Exercise objective:
Copy each line of the records below that has "seizoen" in it.

--- Records to process Enclosed Below ---

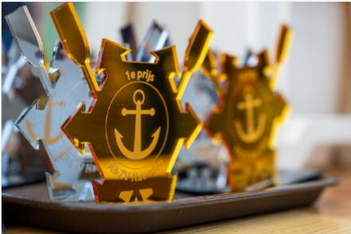
Het edelmetaal waar een seizoen lang om wordt gestreden.

Het nieuwe WAC-seizoen begint op Woensdag 2 april met de traditionele openingsavond. Hylke en Bernard verzorgen een interactieve en leerzame lezing over strategie, tactiek,
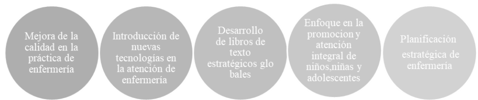
Figura 4: Tendencias de investigación en enfermería en Honduras
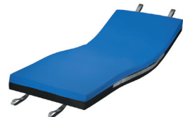
Rhomb-Care® Semy Plus EA Hygienebezug blau-schwarz
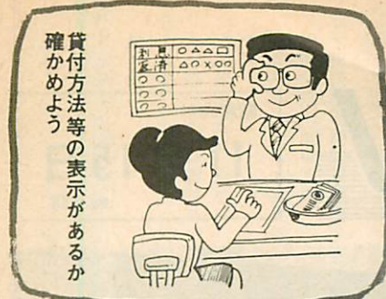
貸付方法等の表示があるか確かめよう

から貸金業者に対し貸付条件の揭示など、適正な運営について行政指導がなされ、また道においても同様の趣旨を盛り込んだ貸金業者に対する指導要綱がつくれ、道としても貸金業者に対する行政指導を強めることになりました。

--- End of Enclosed Records to process ---

Written response:
Het edelmetaal waar een seizoen lang om wordt gestreden.
Het nieuwe WAC-seizoen begint op Woensdag 2 april met de traditionele openingsavond. Hylke en Bernard verzorgen een interactieve en leerzame lezing over strategie, tactiek,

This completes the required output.